The Netherlands, Denmark and Norway all have pledged to Ukraine their surplus F-16s. It’s possible Ukraine could get more than 60 of the single-engine, single-seat, supersonic fighters to bolster existing—and much less sophisticated—MiG and Sukhoi fighters.

These first 18 F-16s—out of 42 the Dutch air force could make available in the coming year or so—have been “improved,” Yuriy Ignat, a Ukrainian air force spokesperson, told Ukrainian media.

It’s true: the F-16A/B Mid-Life Updates, or MLUs, are improved compared to the original F-16 from the early 1980s. But don’t expect the Ukrainian planes to get the latest improvements that, say, the U.S. Air Force is adding to its own F-16s.

The 1990s-vintage MLU, which is flown or recently was flown by several European air forces—not just the Dutch air force, but also the Danish, Norwegian and other air forces—sports the Northrop Grumman APG-66V2 radar.

That’s a faster and more reliable radar than the original APG-66 is. But it still is a mechanical radar that simultaneously can track at most a couple of targets. The new radar the USAF is installing in its F-16s—Northrop’s electronically-scanned APG-83—simultaneously can track potentially dozens of targets.

It takes just a few days to swap out an APG-66 for a new APG-83, but it’s not clear Ukraine will bother—not when its need for new fighters is urgent. Especially considering each APG-83 costs more than $2 million.

The Ukrainian air force probably has fewer than a hundred 1980s-vintage Mikoyan MiG-29s and Sukhoi Su-27s to defend against Russian warplanes, drones and missiles. And while the Americans have helped the Ukrainians to modify these jets to carry U.S.-made glide-bombs and anti-radiation missiles, the Americans apparently haven’t done anything to improve the Ukrainian jets’ air-to-air capabilities.

To better fight in the air, Ukraine needs new planes.
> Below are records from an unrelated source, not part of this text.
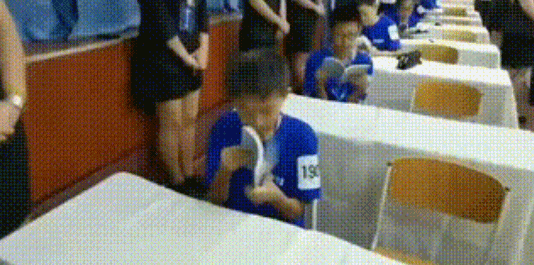 在网友发布的视频中,孩子们一人拿一本书飞快地翻动着,用“术语”说应当是飞快地“波动”着。眼睛似乎根本没有去看书,也根本看不过来,因为“波动”的速度快得令人发指。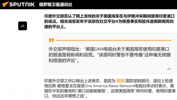 这也急得印度政府火速否认,表示所谓的美伊开战期间,美军使用印度港口的说法都是假新闻。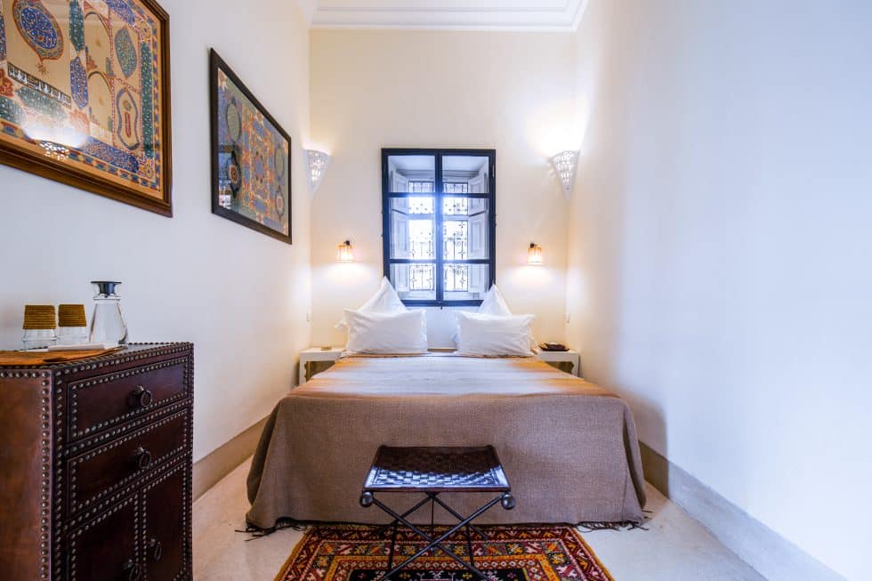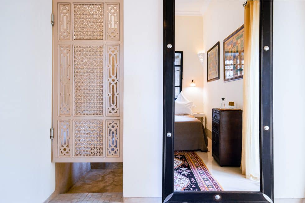 All bedrooms are on the upper floors, have individual air-conditioning, and are accessible through a shared balcony providing a space to relax and enjoy drinks. All rooms have stylish fireplaces, some are made more efficient with inset wood stoves to help cope with the winter nights which can be chilly in Marrakech. All rooms have adjustable lighting that can be either romantic or practical.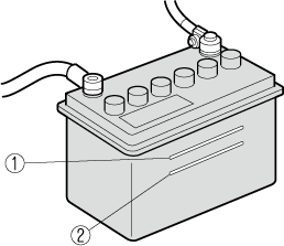 Проверяйте уровень электролита не реже одного раза в неделю. Если уровень низкий, снимите пробки и долейте достаточное количество дистиллированной воды, чтобы уровень электролита располагался между метками верхнего и нижнего уровня (см. рисунок).
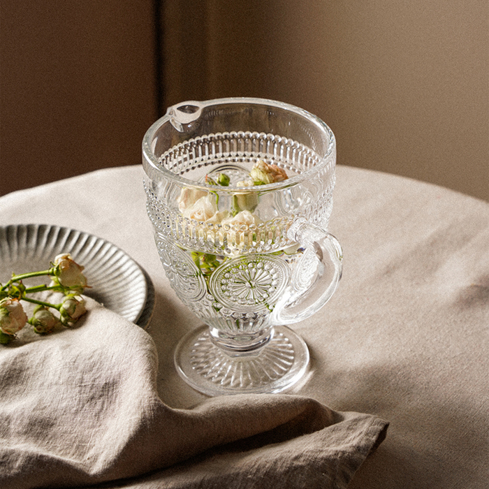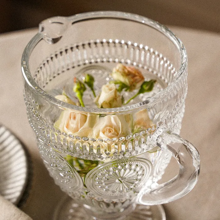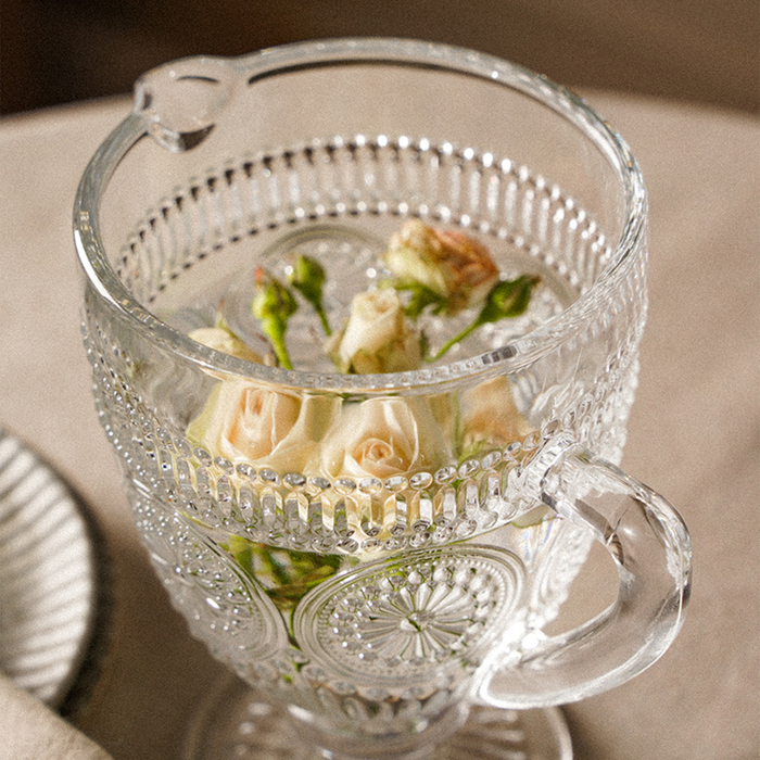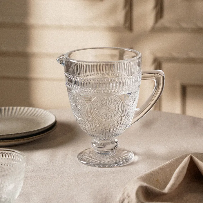 Кувшин объемом 1,1 литра подходит для подачи воды, соков и других напитков. Благодаря рельефной текстуре, он удобно лежит в руке и добавляет нотку изысканности вашей сервировке. Высокое качество стекла обеспечивает долговечность и стойкость к царапинам, а возможность мытья в посудомоечной машине делает уход за ним простым и удобным.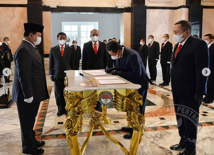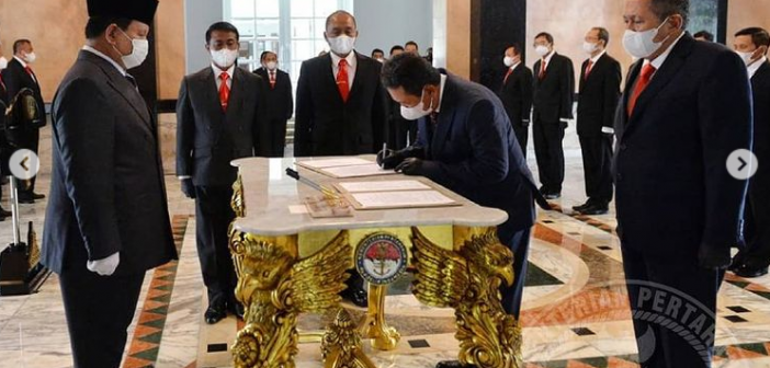 MYLESAT.COM – Menteri Pertahanan Prabowo Subianto selaku Ketua Harian Komite Kebijakan Industri Pertahanan (KKIP), memimpin Upacara Pengambilan Sumpah dan Pelantikan Pejabat Tim Pelaksana dan Tim Ahli KKIP. Upacara dilaksanakan di Ruang Hening Gedung Soedirman Kementerian Pertahanan, Jakarta, Senin (14/12).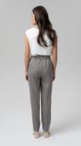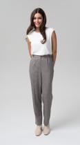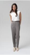 , с защипами по талии, с карманами, на притачном поясе-кокетке и резиной по задней половинке брюк, застегивающимся на крючок - безупречно подчеркнут любую фигуру. Удобная посадка на талии и заутюженные стрелки удлиняют рост и визуально стройнят.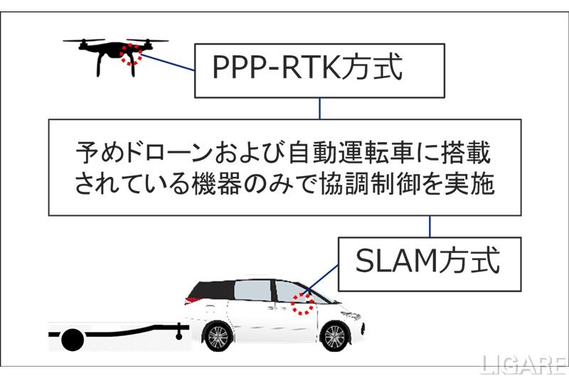 具体的には、自動運転車にはSLAM方式、ドローンにはPPP-RTK方式と測位方式を採用し、2社が開発した「協調制御プラットフォーム」を活用することで連携。自動運転車とドローンがお互いの位置情報を把握して協調動作できることを確認している。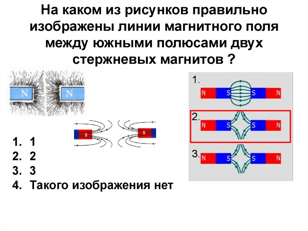 На каком из рисунков правильноизображены линии магнитного поля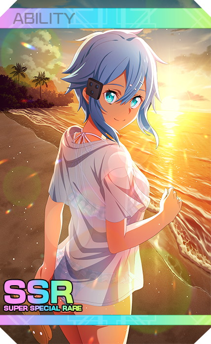 水着姿の水着姿の《サンセットスマイル》アスナ(光属性/ウィザード)と、《サマースマッシュ》ユウキ(光属性/サポーター)がイベントピックアップスカウトに登場する。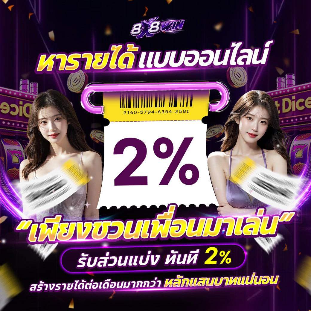 หารายได้แบบออนไลน์ แนะนำเพื่อนมาเล่นเว็บ 8X8WIN รับค่าคอมมิชชั่น 2% ทุกยอดเล่นของเพื่อน ตลอดชีพ!!

It needs F-16s.

The F-16 is easier to fly than a Soviet-style jet is, boasts effective radar-warning and radar-jamming hardware and, in the right conditions, should be able to track an aerial target and fire an AIM-120 air-to-air missile from 50 miles away or farther, depending of course on which particular AIM-120 model Ukraine hangs on its F-16s.

That’s possibly tens of miles farther than a MiG or Sukhoi can track a target and fire an R-27 missile.

The Russian air force’s best interceptors, the Mikoyan MiG-31 and Sukhoi Su-35, can engage aerial targets 80 miles away or farther with their R-37 missiles, so a Ukrainian F-16 pilot might choose to avoid rather than engage a MiG-31 or Su-35.

But against other warplane types, and missiles or drones, the F-16 represents a marked improvement over the MiG-29 and Su-27.

The ex-Dutch F-16s have accumulated a lot of airframe fatigue during their long service in The Netherlands. But for a few years at least, they should significantly boost the Ukrainian air force’s air-defense capability and capacity.

“With F-16s, Ukraine can better defend itself against Russian attacks,” Dutch defense minister Kajsa Ollongren said.